Following the discovery of antimony ore in the Kuching region, Pangeran Indera Mahkota (a representative of the Sultan of Brunei) began to develop the territory between 1824 and 1830. When antimony production increased, the Brunei Sultanate demanded higher taxes from Sarawak; this led to civil unrest and chaos. In 1839, Sultan Omar Ali Saifuddin II (1827–1852), ordered his uncle  to restore order. Pangeran Muda Hashim requested the assistance of British sailor James Brooke in the matter, but Brooke refused. However, in 1841 during his next visit to Sarawak in 1841 he agreed to a repeated request. Pangeran Muda Hashim signed a treaty in 1841 surrendering Sarawak to Brooke. On 24 September 1841, Pangeran Muda Hashim bestowed the title of governor on James Brooke. This appointment was later confirmed by the Sultan of Brunei in 1842. In 1843, James Brooke decided to create a pro-British Brunei government by installing Pangeran Muda Hashim into the Brunei Court as he would take Brooke's advice, forcing Brunei to appoint Hashim under the guns of East India Company's steamer Phlegethon. The Brunei Court was unhappy with Hashim's appointment and had him assassinated in 1845. In retaliation, James Brooke attacked Kampong Ayer, the capital of Brunei. After the incident, the Sultan of Brunei sent an apology letter to Queen Victoria. The sultan also confirmed James Brooke's possession of Sarawak and his mining rights of antimony without paying tribute to Brunei. In 1846 Brooke effectively became the Rajah of Sarawak and founded the White Rajah Dynasty of Sarawak.

Brooke dynasty 

James Brooke ruled the area and expanded the territory northwards until his death in 1868. He was succeeded by his nephew Charles Anthoni Johnson Brooke, who in turn was succeeded by his son, Charles Vyner Brooke, on the condition that Charles Anthoni should rule in consultation with Vyner Brooke's brother Bertram Brooke. Both James and Charles Anthoni Johnson Brooke pressured Brunei to sign treaties as a strategy to acquire territories from Brunei and expand the territorial boundaries of Sarawak. In 1861, Brunei ceded the Bintulu region to James Brooke. Sarawak was recognised as an independent state by the United States in 1850 and the United Kingdom in 1864. The state issued its first currency as the Sarawak dollar in 1858. In 1883 Sarawak was extended to the Baram River (near Miri). Limbang was added to Sarawak in 1890. The final expansion of Sarawak occurred in 1905 when Lawas was ceded to the Brooke government. Sarawak was divided into five divisions, corresponding to territorial boundaries of the areas acquired by the Brookes through the years. Each division was headed by a Resident.

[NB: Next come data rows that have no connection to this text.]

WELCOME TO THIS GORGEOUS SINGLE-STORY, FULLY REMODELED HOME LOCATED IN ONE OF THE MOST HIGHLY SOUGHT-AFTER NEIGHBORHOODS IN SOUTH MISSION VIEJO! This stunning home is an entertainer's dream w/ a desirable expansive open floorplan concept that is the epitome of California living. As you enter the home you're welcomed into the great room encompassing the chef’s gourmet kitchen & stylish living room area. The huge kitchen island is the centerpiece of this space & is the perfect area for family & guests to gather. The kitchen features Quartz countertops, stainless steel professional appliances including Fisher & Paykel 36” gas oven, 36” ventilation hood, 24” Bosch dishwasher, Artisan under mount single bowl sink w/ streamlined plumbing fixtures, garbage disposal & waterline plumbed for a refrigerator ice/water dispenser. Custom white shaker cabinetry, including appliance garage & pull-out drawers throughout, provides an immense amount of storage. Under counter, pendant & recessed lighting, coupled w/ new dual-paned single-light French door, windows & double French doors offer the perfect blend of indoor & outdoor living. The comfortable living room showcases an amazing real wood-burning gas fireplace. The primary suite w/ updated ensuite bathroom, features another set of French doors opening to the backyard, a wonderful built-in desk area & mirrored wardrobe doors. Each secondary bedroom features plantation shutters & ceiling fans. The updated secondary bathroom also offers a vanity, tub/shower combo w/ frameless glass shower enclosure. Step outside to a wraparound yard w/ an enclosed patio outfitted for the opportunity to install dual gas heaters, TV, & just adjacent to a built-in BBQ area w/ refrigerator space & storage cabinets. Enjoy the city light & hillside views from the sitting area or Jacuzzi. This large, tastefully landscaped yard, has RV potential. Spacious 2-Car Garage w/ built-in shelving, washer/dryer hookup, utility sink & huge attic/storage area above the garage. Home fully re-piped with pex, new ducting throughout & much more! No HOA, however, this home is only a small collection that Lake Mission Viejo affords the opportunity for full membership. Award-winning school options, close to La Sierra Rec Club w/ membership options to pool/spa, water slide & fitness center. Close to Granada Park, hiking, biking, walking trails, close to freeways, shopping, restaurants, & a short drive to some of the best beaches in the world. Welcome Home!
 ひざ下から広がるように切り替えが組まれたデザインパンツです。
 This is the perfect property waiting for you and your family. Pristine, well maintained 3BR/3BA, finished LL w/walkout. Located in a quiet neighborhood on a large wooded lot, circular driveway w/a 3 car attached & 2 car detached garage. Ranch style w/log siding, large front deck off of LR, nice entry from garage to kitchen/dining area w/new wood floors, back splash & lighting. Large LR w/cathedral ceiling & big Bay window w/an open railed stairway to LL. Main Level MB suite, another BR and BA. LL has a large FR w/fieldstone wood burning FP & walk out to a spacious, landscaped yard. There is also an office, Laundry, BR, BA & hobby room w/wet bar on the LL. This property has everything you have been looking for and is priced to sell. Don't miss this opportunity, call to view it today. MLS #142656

Sarawak became a British protectorate in 1888, while still ruled by the Brooke dynasty. The Brookes ruled Sarawak for a hundred years as "White Rajahs". The Brookes adopted a policy of paternalism to protect the interests of the indigenous population and their overall welfare. While the Brooke government established a Supreme Council consisting of Malay chiefs who advised the Rajahs on all aspects of governance, in the Malaysian context the Brooke family is viewed as a colonialist. The Supreme Council is the oldest state legislative assembly in Malaysia, with the first General Council meeting taking place at Bintulu in 1867. Meanwhile, the Ibans and other Dayak people were hired as militia. The Brooke dynasty encouraged the immigration of Chinese merchants for economic development, especially in the mining and agricultural sectors. Western businessmen were restricted from entering the state while Christian missionaries were tolerated. Piracy, slavery, and headhunting were banned. Borneo Company Limited was formed in 1856. It was involved in a wide range of businesses in Sarawak such as trade, banking, agriculture, mineral exploration, and development.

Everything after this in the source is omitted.